PROBLEM:
Word for word, output every line of the material below, minus pictures.

PROVIDED MATERIAL:
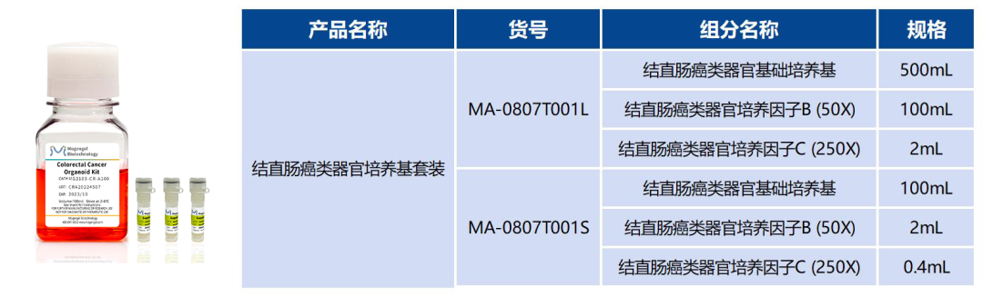 人結腸癌類器官培養基套裝組分表
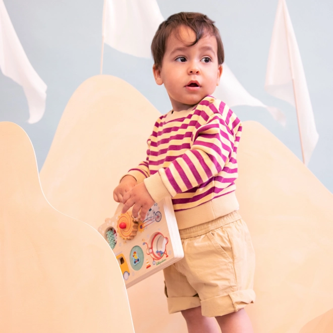 Predstavljamo interaktivni drveni panel u obliku kovčega, koji sadrži omiljene likove Lilliputiens. Ovaj panel je dizajniran kako bi vaše dijete moglo okretati, pritiskati, povlačiti, tresti i promatrati različite aktivnosti koje podržavaju razvoj kognitivnih sposobnosti.
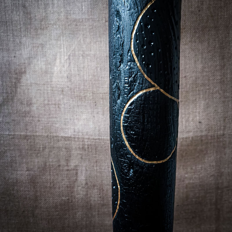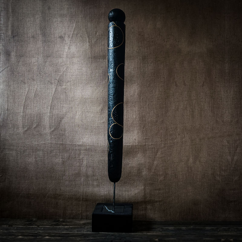 L’élément central de cette sculpture en bois noir réside dans ses motifs circulaires ou semi-circulaires gravés ou incisés sur sa surface. Ces motifs révèlent la couleur naturelle plus claire du bois sous la couche noire, créant un contraste visuel saisissant et une texture subtilement en relief. Le design des motifs apporte une touche d’originalité et de sophistication à cette pièce d’art en bois.

WRITTEN RESPONSE:
 人結腸癌類器官培養基套裝組分表
 Predstavljamo interaktivni drveni panel u obliku kovčega, koji sadrži omiljene likove Lilliputiens. Ovaj panel je dizajniran kako bi vaše dijete moglo okretati, pritiskati, povlačiti, tresti i promatrati različite aktivnosti koje podržavaju razvoj kognitivnih sposobnosti.
 L’élément central de cette sculpture en bois noir réside dans ses motifs circulaires ou semi-circulaires gravés ou incisés sur sa surface. Ces motifs révèlent la couleur naturelle plus claire du bois sous la couche noire, créant un contraste visuel saisissant et une texture subtilement en relief. Le design des motifs apporte une touche d’originalité et de sophistication à cette pièce d’art en bois.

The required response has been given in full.